Perché ho voluto finire il libro? Perché, al di là della storia, Sally Rooney è maledettamente brava a scrivere, precisa, dettagliata, ha uno stile riconoscibile che ho apprezzato molto di più in Parlarne tra amici, il suo esordio scoppiettante: anche lì protagonisti dei quali non vorresti essere grande amica, ma situazioni e sviluppo della storia di gran lunga più avvincenti. È così talentuosa che è in grado di caratterizzare i protagonisti, permettendoti di entrare nella loro testa caotica, tanto da intuire senza grosse difficoltà cosa faranno o cosa diranno.

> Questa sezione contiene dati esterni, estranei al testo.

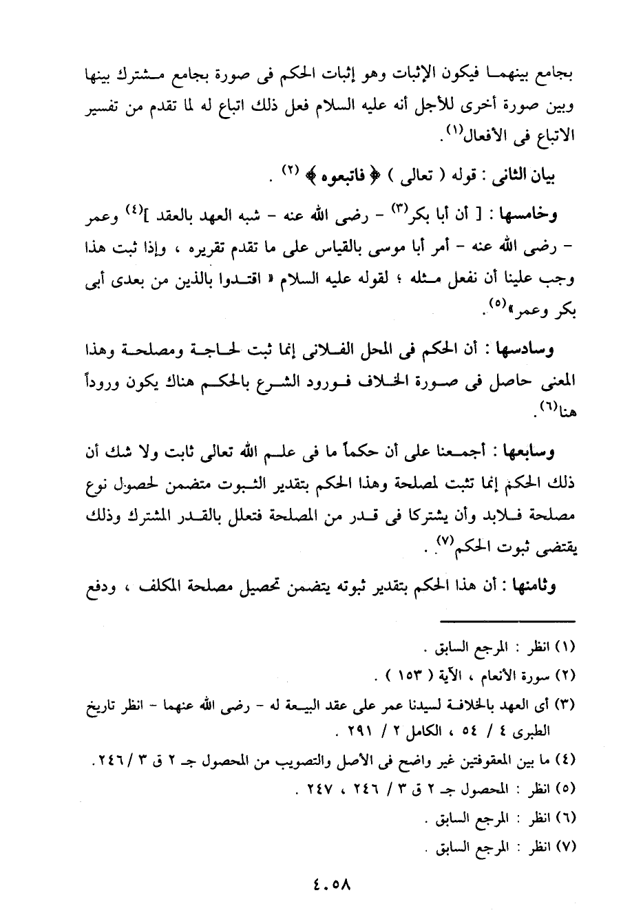 وخامسها: [أن أبا بكر -رضي الله عنه- شبه العهد بالعقد] وعمر -رضي الله عنه- أمر أبا موسى بالقياس على ما تقدم تقريره، وإذا ثبت هذا وجب علينا أن نفعل مثله؛ لقوله عليه السلام "اقتدوا بالذين من بعدي أبي بكر وعمر".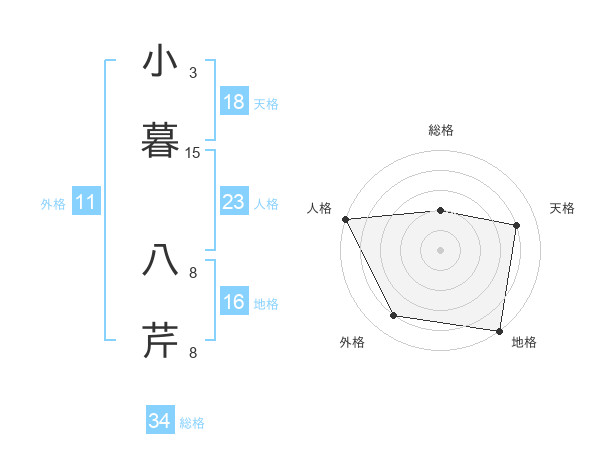 小暮 八芹さんの天格は18画の4点!

In Persone normali non succedono chissà quali tragedie amorose, anzi, non succede niente: siamo di fronte a innumerevoli incomprensioni, ai famosi silenzi che parlano e trasmettono emozioni (ve l’ho detto che la Rooney è bravissima a scrivere), a un romanzo permeato di incomunicabilità e pensieri mai espressi se non nel loro contrario. Eppure non riesco a dire che non mi sia piaciuto, perché ho trovato brillanti le tematiche di fondo, il ribaltamento dei ruoli nei sentimenti, la volontà di dipendere dall’altro, le difficoltà a tagliare un ramo che ha smesso di crescere, il dominio fisico e psicologico che gli altri hanno su di noi, il desiderio di essere semplicemente una persona normale (per gli altri? Per noi stessi?) che non si lascia soggiogare dal parere di chi le ruota intorno.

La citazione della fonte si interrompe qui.